Isn't it attempting to mimic parts of Amsterdam? I don't like these ambiguous open spaces where pedestrian, cyclist or indeed motor vehicle don't know who has priority. Consider the exit from Sloane Sq. Stn (okay, on a much smaller scale) where they have put in sort of pedestrian only area. Nine times out of ten, when I emerge onto the street from The Tube, I seem to fall foul of one type of vehicle or another.


----------



## CopperBrompton (16 Jan 2012)

No, Amsterdam is mostly either entirely segregated cycle paths:







or very clearly-marked (and generally very wide) paths on the road:






There is a little ambiguous shared space, but it's not the norm.


----------



## dellzeqq (16 Jan 2012)

Watt-O said:


> Isn't it attempting to mimic parts of Amsterdam? I don't like these ambiguous open spaces where pedestrian, cyclist or indeed motor vehicle don't know who has priority. Consider the exit from Sloane Sq. Stn (okay, on a much smaller scale) where they have put in sort of pedestrian only area. Nine times out of ten, when I emerge onto the street from The Tube, I seem to fall foul of one type of vehicle or another.


I don't think it's an attempt to mimic anything. It's not even like anything. It's just what it is, where it is. The cutthrough at Sloane Square is a kind of pedestrian crossing without the stripes - which is, again, what it is, where it is.....


----------



## Watt-O (23 Jan 2012)

dellzeqq said:


> I don't think it's an attempt to mimic anything. It's not even like anything. It's just what it is, where it is. The cutthrough at Sloane Square is a kind of pedestrian crossing without the stripes - which is, again, what it is, where it is.....


 
Whatever it is, it's not a very smart design.


----------



## dellzeqq (9 Feb 2012)

http://www.cyclechat.net/threads/smart-streets-bbc-radio-program.95296/#post-1717201 for an interview with the designer


----------



## Richard Mann (11 Feb 2012)

Getting it's first real test, what with half term.

The bit south of Prince Consort Road works well, though I'd have parallel parking between the lamp-posts and an even wider pavement from the Science Museum southwards. Particularly outside the back entrance to the Natural History Museum, where people were queuing on the pavement (and a little comedy of Israeli and Palestinian leafleters were adding to the melee).

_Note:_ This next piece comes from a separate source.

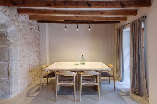 This over 200 year-old village-house is situated in an absolutely central location in the village of Alaró. A lovingly carried out, high-quality renovation has caused it to shine in a new splendor. Beautiful old features such as stone arches, natural stone walls, wooden doors, and colourful, carefully-restored tiles in combination with modern, comfortable, and high-quality elements create a unique atmosphere of well-being.

North of Prince Consort Road, the switch to using the full road width is a complete mistake. The traffic should be two-way on the east side (and that should continue across the lights and into the park).

The Range Rover turning right into Prince Consort Road clearly had problems with giving way to pedestrians crossing a side road, fancy treatment or not (and was roundly abused for his pains - not by me). Good to see pedestrians asserting their priority, but there's clearly insufficient cues to drivers (yet).

In terms of doing something similar elsewhere, I'd have said that 90% of the effect is from reducing the width of the road by half (and banning a number of turning moves), and 10% from the level surface and fancy paving.


----------



## dellzeqq (12 Feb 2012)

Richard Mann said:


> North of Prince Consort Road, the switch to using the full road width is a complete mistake. The traffic should be two-way on the east side (and that should continue across the lights and into the park)..


absolutely. That seems to me to be the big failure.

I think you're right about the paving, but, again, these things have to be tried at least once, and where better than Exhibition Road? Let's content ourselves with knowing that the paving was a waste of time and money, as opposed to suspecting that the paving would be a waste of time and money.

Could the entire road be turned in to one gigantic zebra crossing? And, again, could the 'car zone' shift from side to side, using parking or small gardens?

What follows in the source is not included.